1. During a medication observation with Staff #1, Resident #2 was administered the following scheduled 8 am medications at approximately 9:30 am: Aspirin low 81 mg tablet, Midodrine 5 mg tab, Propranolol 10 mg tablet, Ferrous Sulfate 325 mg tablet, Fludrocort .1mg tablet, Levothyroxin 100 mcg tablet, Metronidazol 250 mg tablet, Omeprazole 40 mg capsule, Theratrum tablet, and Vitamin D 25mcg tablet.

2. The January 2024 MAR for Resident #2 indicates the resident received an order to start Erythromycin Ophthalmic 5mg ointment to right eye three times a day for 7 days from 01/04/2024-01/10/2024; however, the ointment was not documented as administered on at least 3 occasions (once on 01/04/2024, 01/05/2024, and 01/08/2024).

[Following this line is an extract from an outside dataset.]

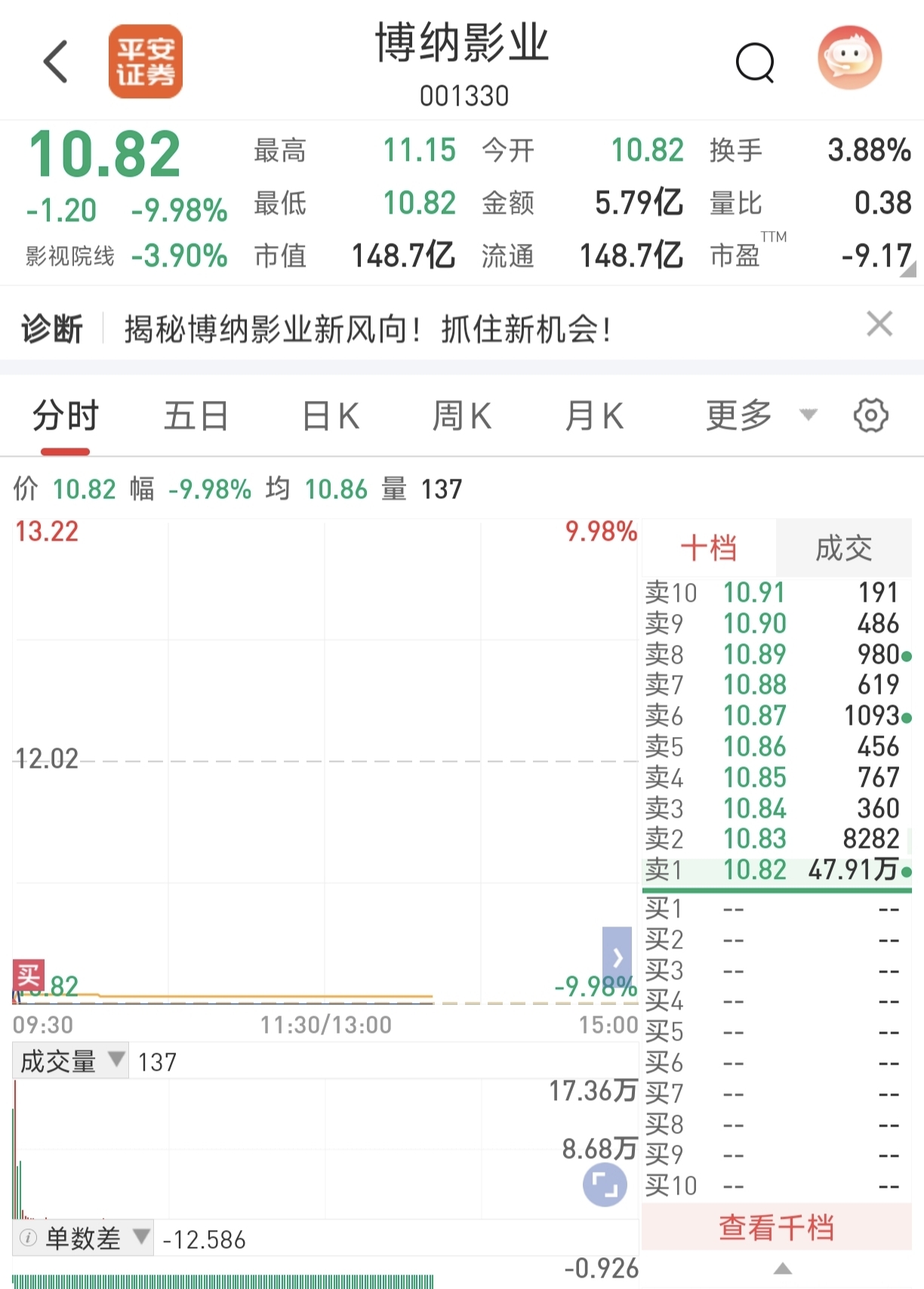 $博纳影业(SZ001330)$ 周五7个点卖的,今天拿一部分利润进来抄底了。难度买早了?

3. The January 2024 MAR and February 2024 MAR indicate Resident #4?s Ezetimibe 10 mg tablet was not administered or available on the following days: 01/27/2024, 01/28/2024, 01/30/2024,02/03/2024, and 02/04/2024.

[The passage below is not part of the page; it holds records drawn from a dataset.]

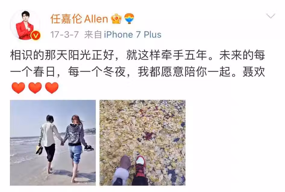 任嘉倫憑藉《大唐榮耀》邁入事業上升期,在2017年火速選擇公布戀情,無懼掉粉和人氣下降:「相識的那天陽光正好,就這樣牽手五年,未來的每一個春日、每一個冬夜,我都願意陪你一起,聶歡 」。隔年2018年2月大方公開已婚,且雙喜臨門迎來了家庭新成員,沒有想要透過販賣「單身人設」吸引更大一波流量。
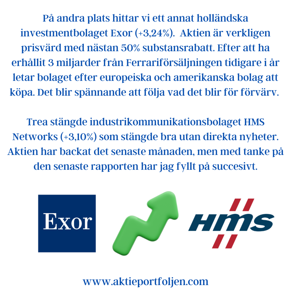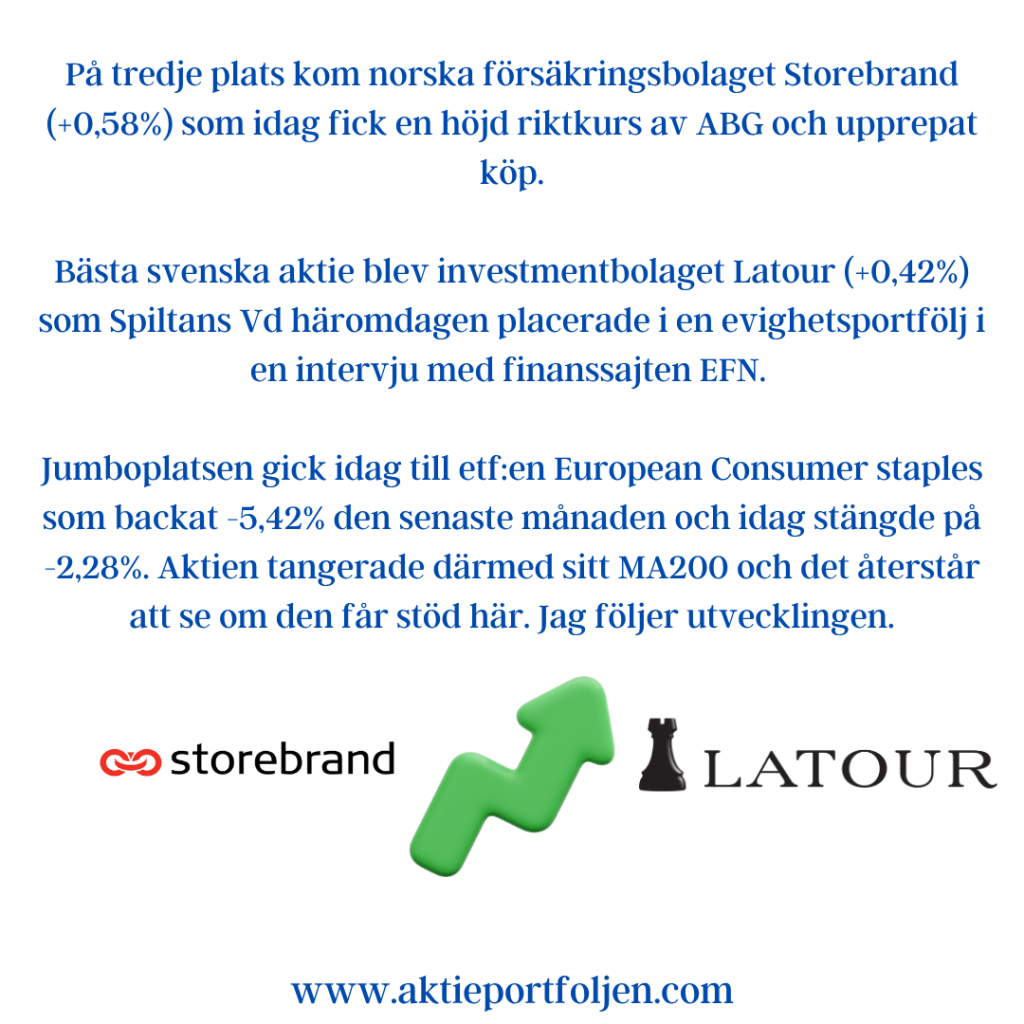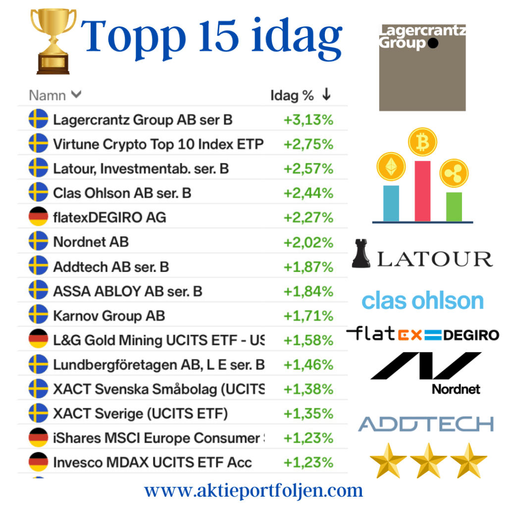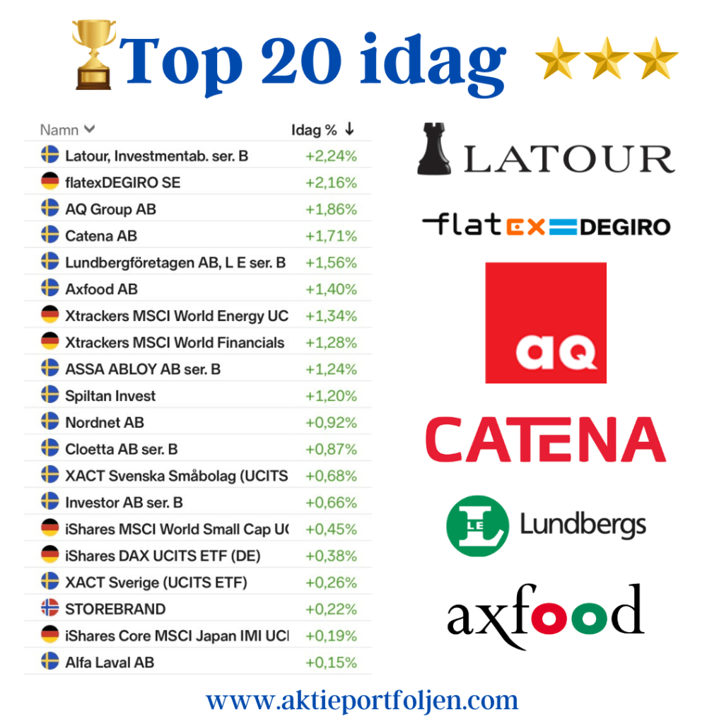 Latour, Investmentab. ser. B +2,24 % flatexDEGIRO SE +2,16 % AQ Group AB +1,86 % Catena AB +1,71 % Lundbergföretagen AB, L E ser. B +1,56 % Axfood AB +1,40 % Xtrackers MSCI World Energy UCITS ETF +1,34 % Xtrackers MSCI World Financials UCITS ETF +1,28 % ASSA ABLOY AB ser. B +1,24 % Spiltan Invest +1,20 % Nordnet AB +0,92 % Cloetta AB ser. B +0,87 % XACT Svenska Småbolag (UCITS ETF) +0,68 % Investor AB ser. B +0,66 % iShares MSCI World Small Cap UCITS ETF +0,45 % iShares DAX UCITS ETF (DE) +0,38 % XACT Sverige (UCITS ETF) +0,26 % Storebrand +0,22 % iShares Core MSCI Japan IMI UCITS ETF +0,19 % Alfa Laval AB +0,15 %
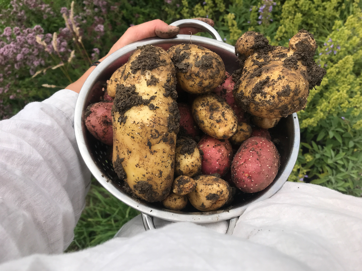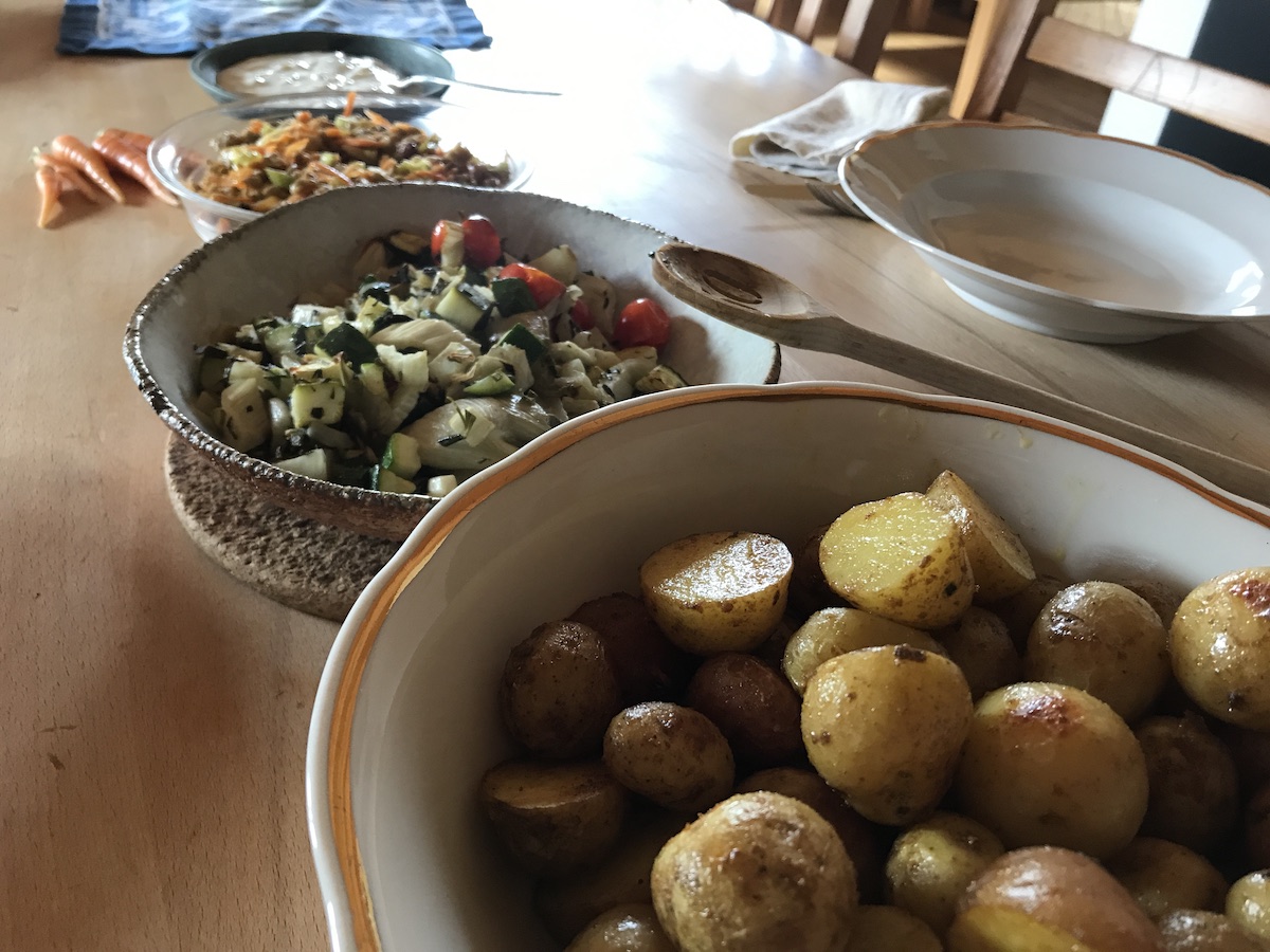 Besonders glücklich macht mich aber die Kartoffelernte. So große Kartoffeln trotz Schneckenplage und Kartoffelkäfer. Und das ist erst ein Teil! Da stehen noch viele Pflanzen zum Ernten im Garten. So kleine Dinge machen mich sehr glücklich! Die kleinen Minikartoffeln gab es heute Mittag als Ofenkartoffeln vom Blech. Für mich mit Zuchini-Fenchelgemüse und selbstgemachtem probiotischem Joghurt, für die Jungs mit Ketchup.

Plan of Correction: The Director of Nursing provided training to all LPN's and Medication Aides on 2/9/24 and 2/12/24 on the standard dosing schedule of administering medications no earlier than one hour before and no later than one hour after the scheduled time that the medication is due, except the medications that are ordered for specific times. The medication administration record (MAR) will be monitored by the DON or designee for compliance with the standard dosing schedule. The DON or designee will monitor the medication pass monthly on all shifts to ensure that the standard dosing schedule of administering medications no earlier than one hour before and no later than one hour after is being followed per the standard .

Standard #: 22VAC40-73-680-H
Description: Based on observation and interview, the facility failed to ensure at the time the medication is administered, the facility shall document on a medication administration record (MAR) all medications administered to residents, including over-the- counter medications and dietary supplements.

Evidence:

1. During a medication observation, Staff #1 indicated Resident #2 was administered Creon 360000-unit capsule and Diphen/atrop 2.5 mg tablet at 8 am; however, Staff #1 documented administering the two medications at approximately 9:30 am.

2. Staff #1 acknowledged the two medications were not documented at the time of administration.

Plan of Correction: The Director of Nursing or designee will monitor the mediation administration record (MAR) daily to ensure that medications are being documented per the physician's order on each shift.

Disclaimer:
This information is provided by the Virginia Department of Social Services, which neither endorses any facility nor guarantees that the information is complete. It should not be used as the sole source in evaluating and/or selecting a facility.